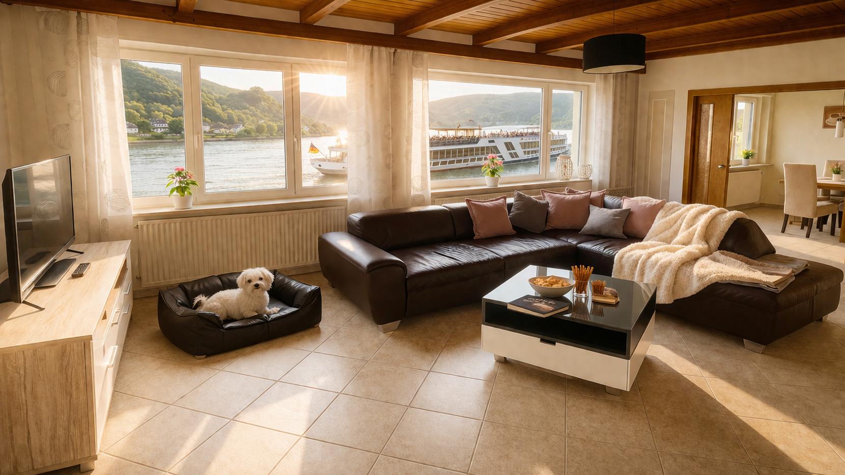 Dieses gemütliche und einzigartige Haus bietet Ihnen einen wunderschönen Blick auf den Rhein und die Burg Maus.
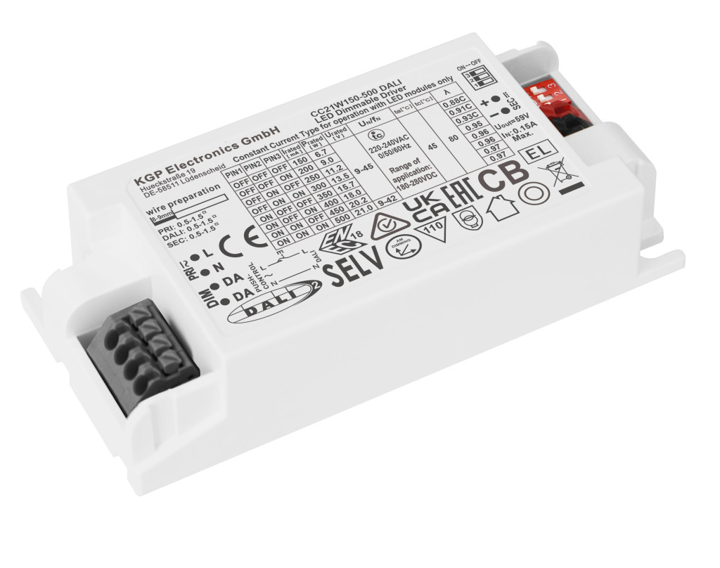 A KGP CC21W150-500 DALI egy kompakt, sokoldalú és magas technikai tudású LED meghajtó, amely kisebb teljesítményű LED panelek, spotlámpák és egyéb állandó áramot igénylő világítótestek precíz vezérlésére lett tervezve. A legújabb DALI-2 tanúsítvánnyal és AM Dimming technológiával rendelkezik a tökéletesen villogásmentes szabályozás érdekében.
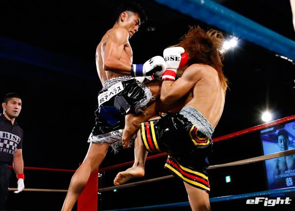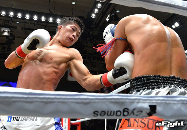 ボディブローでダウンを奪う金子

- - - - -

Please write out all of the data verbatim, with no pictures in the copy.

 Dieses gemütliche und einzigartige Haus bietet Ihnen einen wunderschönen Blick auf den Rhein und die Burg Maus.
 A KGP CC21W150-500 DALI egy kompakt, sokoldalú és magas technikai tudású LED meghajtó, amely kisebb teljesítményű LED panelek, spotlámpák és egyéb állandó áramot igénylő világítótestek precíz vezérlésére lett tervezve. A legújabb DALI-2 tanúsítvánnyal és AM Dimming technológiával rendelkezik a tökéletesen villogásmentes szabályozás érdekében.
 ボディブローでダウンを奪う金子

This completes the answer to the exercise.